Keeping judiciary independent

Published On: September 16, 2020 01:05 PM NPT By: Birendra Madai

Birendra Madai

Birendra Madai

The contributor for Republica.

Judicial independence is an essential feature of liberal democracy.The United Nations Basic Principles on the Independence of the Judiciary provide that it is the duty of all governmental and other institutions to respect and observe the independence of the judiciary.

Recently former Deputy Inspector General of police, Ranjan Koirala, who was serving sentence on charge of murdering his own wife, was freed following the decision of the Supreme Court on June 29. The court reduced his jail term to eight years and six months, waving 11 years. This particular incident has raised the question of whether the judiciary is acting independently or it is being influenced by other factors. Public faith on judiciary is waning because of such controversial decisions.

Our constitution has envisaged “an independent, impartial and competent judiciary.” Article 20(9) states that, “Every person shall be entitled to a fair hearing from an impartial, independent and competent court or judicial authority.”It implies that no organs of government should influence in its decision making.

Countries deal with the concept of judicial independence through different means of judicial selection.In India, the president is required to consult the governors of concerned states during the judge appointment process for high courts. In South Africa, a fundamental aspect of the judicial service commission is that it maintains representation from provincial actors, ensuring that their voices are not only accounted for, but are also guiding discussions related to their localities. In Canada, independent judicial advisory committees have been introduced at the provincial level, to foster dialogue between local and federal actors. In Nepal, we have Constitutional Council (CC) and Judicial Council (JC) for appointing chief justice and other judges.

After the restoration of democracy in 1990, the constitution promulgated thereafter adopted the concept of the ‘judicial council.’ This was lauded as an exemplary model for the judicial appointment in South Asia. The JC consisted of a majority of judges (three judges out of five members) in 1990. Current constitution has the provision of a five-member judicial council comprising Chief Justice as an ex-officio chairman, minister of law, senior-most judge of the Supreme Court, a senior advocate and a jurist appointed by the president.

Legal and constitutional experts have called this structure flawed. According to them, in such structure politicians can easily influence decision-making and that if it is not revamped, it could pose a serious threat to the independence of judiciary.The principle role of the independence of judiciary is to uphold rule of law, check and balance, constitutionalism  and protection of fundamental rights of the people. And it should not fail on this.

These cherished goals can be achieved only if all institutions of the state dispense their functions with dedication and devotion and pay heed to the constitutional mandates.Without judicial independence liberties of people in democracy cannot be protected and the country might descend to anarchism and dictatorship.

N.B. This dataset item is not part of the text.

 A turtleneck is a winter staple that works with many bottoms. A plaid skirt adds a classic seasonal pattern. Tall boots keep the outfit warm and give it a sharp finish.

In Nepal, efforts for establishing independent judiciary date back to 1951 when Pradhan Nyayalaya Act was enacted. It provided that its decision shall be recognized as irrefutable. It was replaced by Supreme Court Act five years later.

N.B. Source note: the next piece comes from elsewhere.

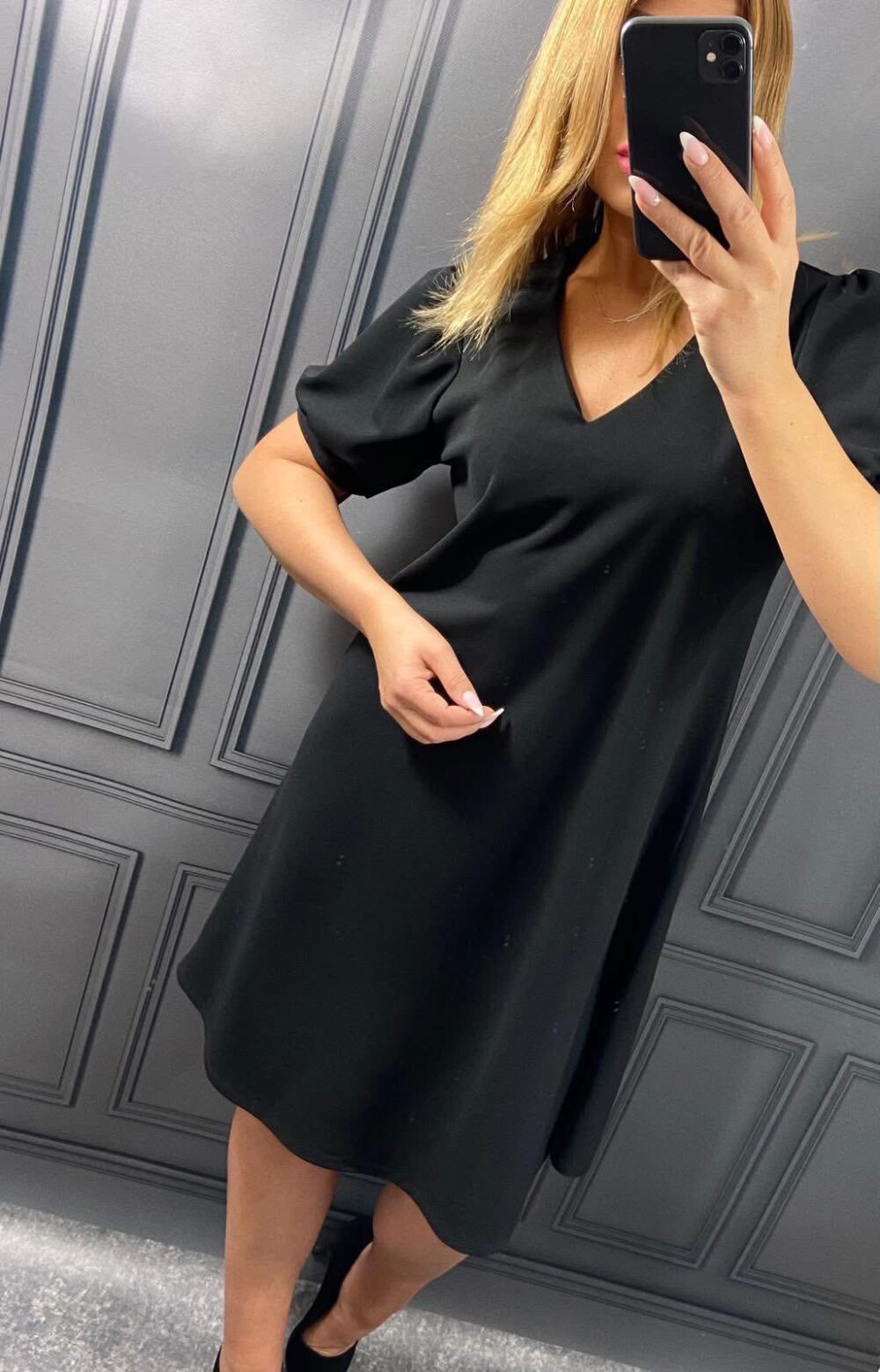 Tieto nadčasové čierne šaty s krátkymi balónovými rukávmi dokážu zachrániť množstvo situácií – keď sa chcete obliecť rýchlo, ale zároveň hľadáte eleganciu, štýl a pohodlie. Jednoduchý strih necháva vyniknúť krásnej siluete a jemne tvarované rukávy dodávajú modelu ženský charakter. Čierna farba pôsobí nadčasovo a elegantne, takže tieto šaty môžete nosiť do práce, na oslavu, do divadla, na večeru aj na rodinné stretnutie. Stačí zmeniť doplnky a z jedného modelu vznikne úplne iný outfit.

The constitution of 1990, for the first time, recognized the principles of separation of powers and empowered the top court with the power of judicial review over the judicial, quasi-judicial or other state actions. After the formal end of the decade-long armed conflict, the Comprehensive Peace Agreement also reiterated the importance of an independent and competent judiciary.

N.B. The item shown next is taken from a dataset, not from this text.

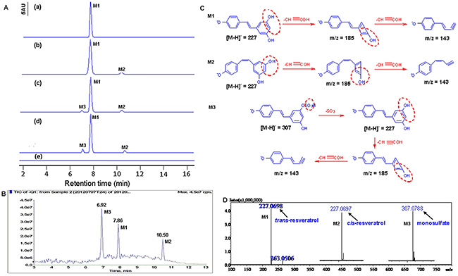 Figure 2: Identification of resveratrol’s metabolites in HBC T24 cells. A. HPLC chromatography analysis. (a) trans-resveratrol standard was dissolved in methanol and analyzed by HPLC (M1, tR=7.86); (b) The culture media incubation with resveratrol without T24 cells for 48h (M1, tR=7.86; M2, tR=7.02); (c) The T24 cells lysate was analyzed after incubation with 100μM resveratrol for 48h (M1, tR=7.89; M2, tR=7.06; M3, tR=10.38); (d) The supernatant of T24 cells was analyzed after incubation with 100μM resveratrol for 48h (M1, tR=7.87; M2, tR=7.01; M3, tR=10.41). (e) The T24 cells treated without resveratrol as Control. B. MS analyses of resveratrol metabolites in T24 cells. Total ion chromatogram (TIC) of the supernatant of T24 cells treated with 100μM resveratrol for 48h. Peak M1, M2 and M3 indicated retention time corresponding to different mass composition of metabolites; C. Proposed mechanism for the decomposition of the m/z 227 [M-H]- ion of resveratrol, the decomposition of the m/z 227 [M-H]- and m/z 307 [M-H]- ion of metabolites. D. Shimadzu LC-MS-IT-TOF-based HRMS analysis of resveratrol metabolites in T24 cells. Arrows labeled as M1, M2 and M3 indicated the exact [M-H]- molecular ion weight of 227.0698 (C14H11O3, calculated m/z 227.0708), 227.0697 (C14H11O3, calculated m/z 227.0708), 307.0788 (C14H11SO6, calculated m/z 307.0276), respectively. In Figure 3, M1 represents trans-resveratrol, M2 represents cis-resveratrol and M3 represents resveratrol monosulfate (RVS), respectively.

The current constitution has clear provisions regarding powers of judiciary. There are three tiers of court: supreme, high and district courts. Supreme Court has the final right to interpret the constitution.All the powers to appoint judges in the Supreme Court, high courts and district courts are vested in the JC, while the judicial staffs’ appointment, transfer, and disciplinary actions are under the purview of the judicial service commission.Similarly, the constitution has provided the clear provisions regarding conditions of service and facilities of chief justice and other judges.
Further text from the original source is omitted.